CARMEN-LC05 is a straightforward study. It’s looking to see if the use of an ADC, tusamitamab ravtansine, can improve outcomes in patients with [nonsquamous NSCLC]. We’ve seen some impressive single-agent activity with tusamitamab ravtansine. The idea now is to see how good we can get the responses to be in the frontline setting and see if we can improve outcomes in patients positive for CEACAM5.
The big challenge that we have with enrollment, especially in the frontline setting but in all settings as well, is that patients need to have a positive CEACAM5 test to enroll. This is always a challenge because we’re trying to get that test back while [balancing other tasks] and getting the patient on the study.

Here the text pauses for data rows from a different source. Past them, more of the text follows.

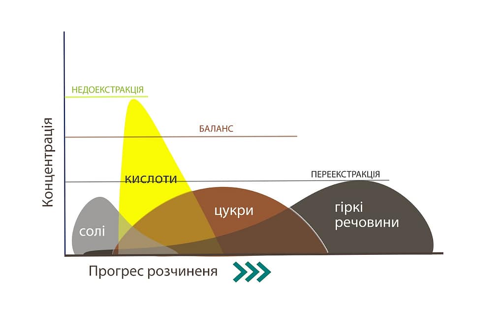 Недоекстрагованою є та кава, в якій розчинились кислоти та солі, але не встигли розчинитись цукри. Переекстрагованою є кава, в якій ми отримали забагато гірких речовин.
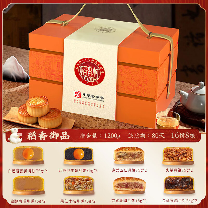 稻香村月饼礼盒稻香御品1200g蛋黄老式月饼传统小吃中秋过 稻香村-稻香御品1200g(16饼)
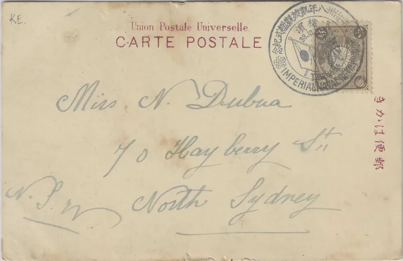 Imperial Postal Service, Japan 1906, tied with ½d NSW stamp
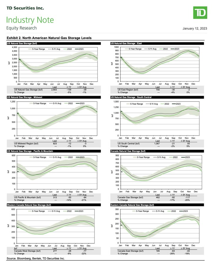 3.North American Natural Gas Storage Levels for the week ending Jan 6/23
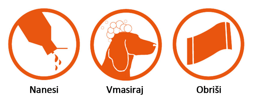 Nanesite prijazno in nežno tekočino neposredno na dlako/kožuh, masirajte, da se dobro speni in tako razgradi vso umazanijo in maščobo, nato pa temeljito osušite z brisačo. Kožuh ostane mehak in čist.
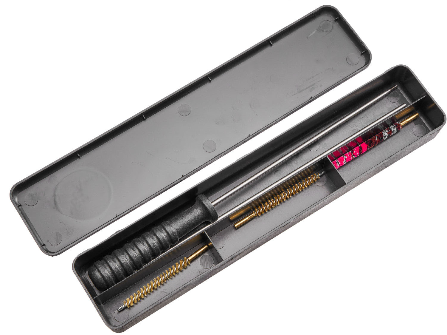 Набор MEGAline для чистки пневматической винтовки в калибре 4,5 мм. Набор содержит: - Пластиковая коробка с секциями внутри. - Шомпол с вращающейся пластиковой рукояткой, собирается из трёх секций. - Ёршики, 3 штуки: с хлопковым ворсом, нейлоновым и латунным.
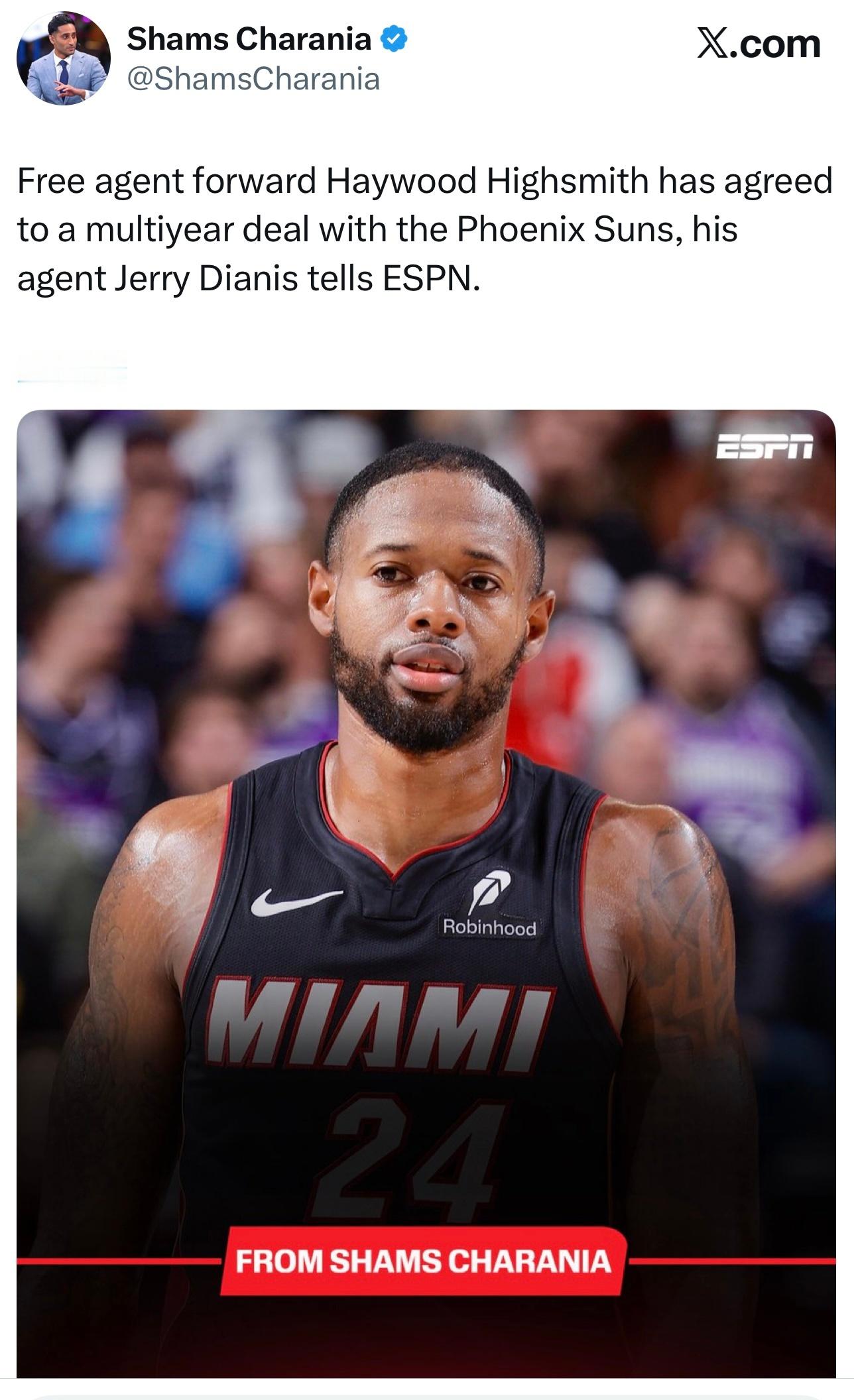 Shams:自由球员前锋海史密斯2年合同签约太阳。
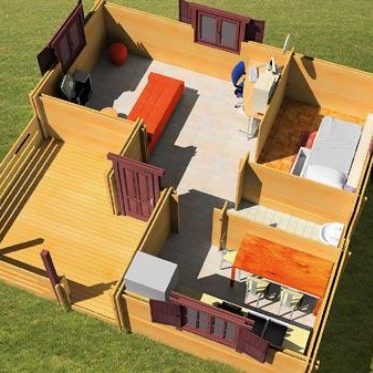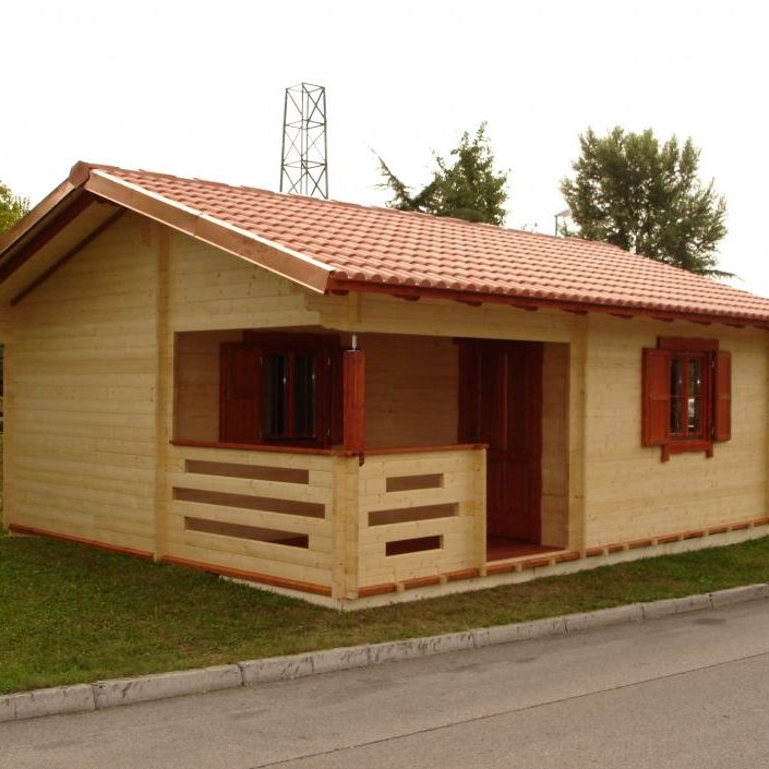 Madera abeto nórdico laminar de 100 mm, tratada al autoclave y con sistema mecánico de compensación de movimientos. Aislante térmico en cubierta 100 mm, cerramientos en PVC blanco con puente de rotura térmica y climalit 4-16-4. Cubierta impermeabilizada con tégola asfáltica, suelo de madera con tarima flotante AC5, color a determinar por el cliente en nuestra amplia carta de colores lasur al agua.
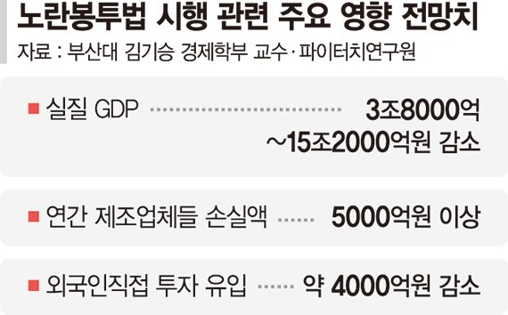 부산대 김기승 경제학부 교수는 최근 미래노동법혁신연구회 토론회에서 연간 파업건수가 10%·근로 손실 일수 15% 증가 가정 시 제조업체들의 직접적 손실액만 5000억원 이상으로 추산했고, 노사 관계 불확실성에 따른 직접투자 축소로 약 10조원의 GDP 손실이 발생할 수 있다고 전망했다. 이에 따른 외국인 직접투자 유입액도 약 4000억원 감소할 것으로 분석했다.
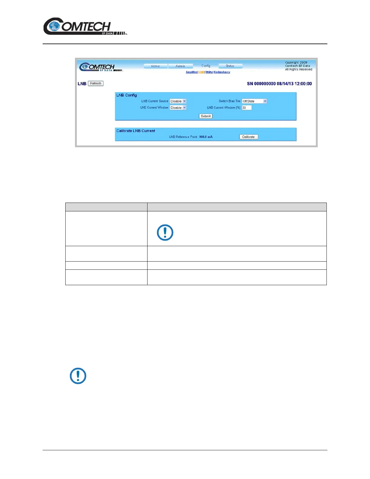 Any LNB current reading that is outside the window may generate an alarm, a fault, or may be
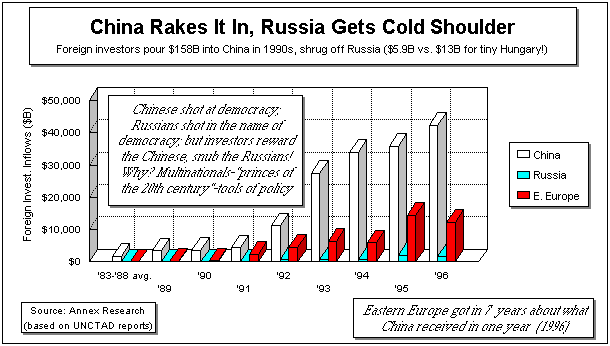 Of course, they could not have done it without the help from the corrupt Boris Yeltsin regime. Zhirinovsky cited one example (in Grusia, as I recall), where some Russians and their foreign investment partners were able to buy an entire factory for about $200,000.
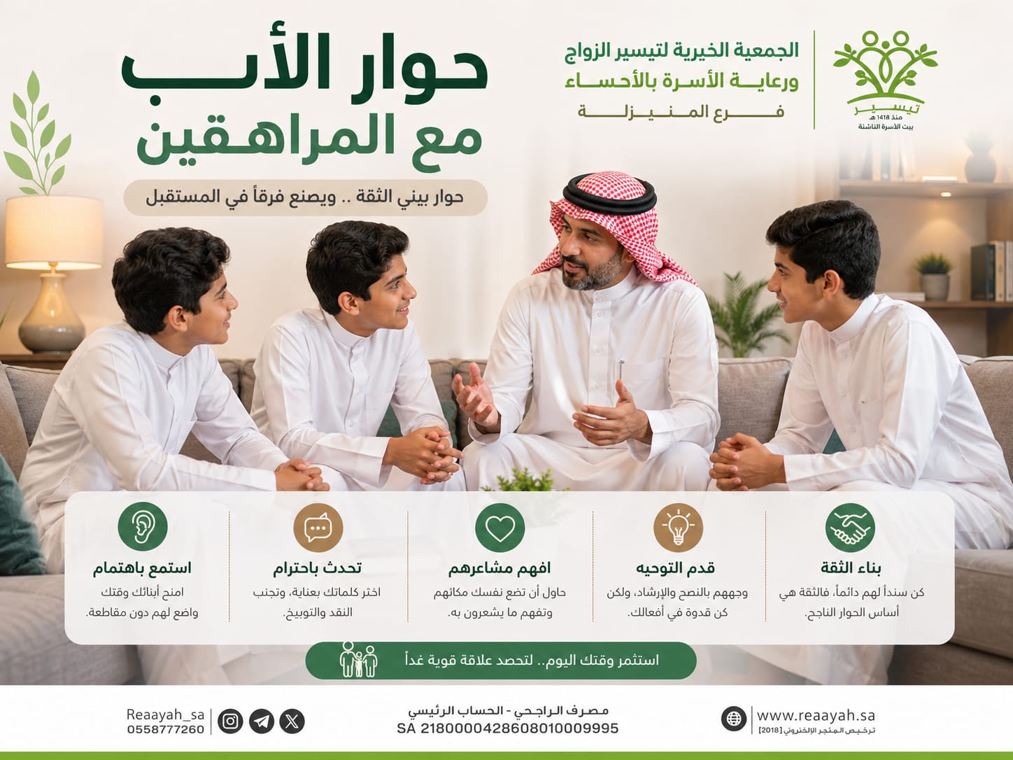نظّمت الجمعية الخيرية لتيسير الزواج ورعاية الأسرة فرع المنيزلة ، ضمن سلسلة أسرة مطمئنة، أمسية توعوية بعنوان “أهمية الحوار مع المراهقين وفوائده”، وذلك مساء يوم الأحد والاثنين 26 – 27 أبريل 2026م، عبر منصة (Zoom)، بحضور عدد 287 من المهتمين والمهتمات بالشأن الأسري والتربوي.
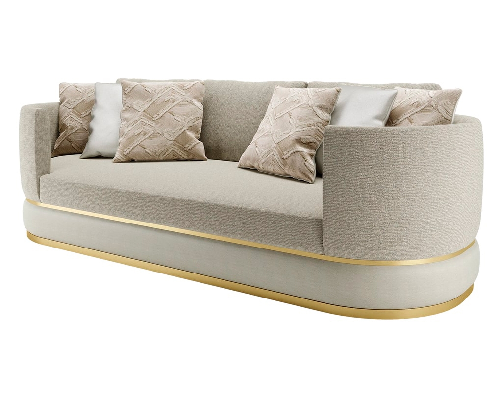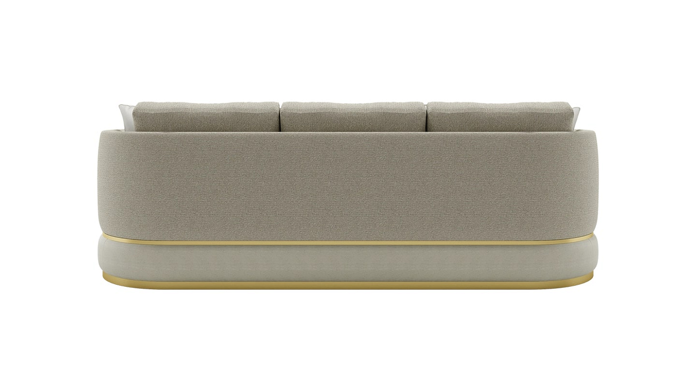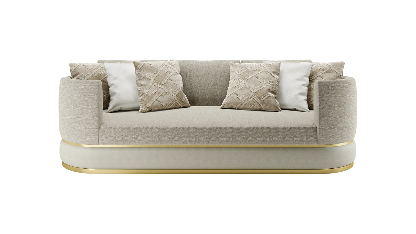Диван AREZZO, отличающийся основанием с полосой контрастной ткани, вставленной между двумя полосками матовой латуни, с мягкими подлокотниками и обитый пышным бархатом, окутывает сидящего, обеспечивая непревзойденный комфорт.
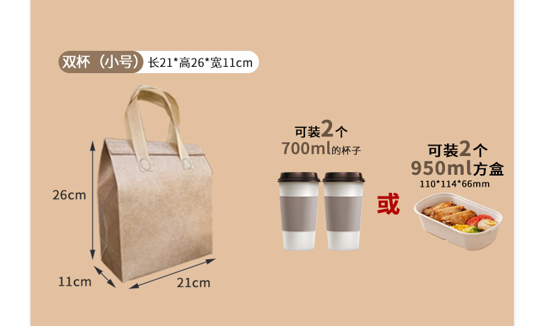 light brown thermal bag; small size (double cup) length 21 height 26 width 11cm; film non-woven fabric
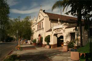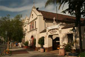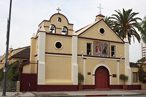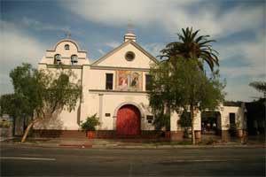 Nuestra Senora la Reina de Los Angeles, began as an asistencia to Mission San Gabriel. It is now familiarly called the Old Plaza Church in Los Angeles and is part of the El Pueblo de Los Angeles Historic Monument near Olvera Street. Mission San Gabriel served the spiritual needs of the Indians, soldiers, and rancheros for several decades until Asistencia Nuestra Señora was formed at nearby Los Angeles. Two priests were assigned to Mission San Gabriel and they divided their time between the Mission and the Asistencia. Our Lady Queen of the Angels Chapel (the Old Plaza Church, or La Placita, founded in 1781) was given parochial status in 1826 and assumed the ecclesiastical welfare of the city and its environs. It is Landmark 144. |

It would be great if we had a blood test instead because we wouldn’t [face issues such as] needing to wait for tissue or running out of tissue. This is something that, with hard work, should be surmountable, although it’s proving more challenging [than we initially thought], until CEACAM5 [testing is done routinely]. However, that usually happens once the drug is commercially available, rather than in clinical trials.
There are first-line and second-line studies currently ongoing. We always like to do more in the frontline setting, because that’s when patients are healthier and [have better] long-term outcomes. That would be the ideal, but any improvement is always good. Certainly, the second-line treatment for NSCLC needs much improvement as well.
Although co-mutations are important, this target is relatively unique right now. We’ll be looking at [factors such as] PD-L1 status. However, co-mutations are probably less important for this mutation, as it’s unique when compared with others such as KRAS G12C, EGFR, and ALK.
ADCs have an antibody, a linker, and a warhead. As the warhead sometimes gets leaked into the blood because it doesn’t stay on perfectly well, [patients can have] cytopenias, nausea, and thrombocytopenia related to [their treatments]. [Additionally, we are] always worried about the gastrointestinal adverse effects, and many ADCs have some pulmonary toxicities. That all needs to be watched for in this patient population.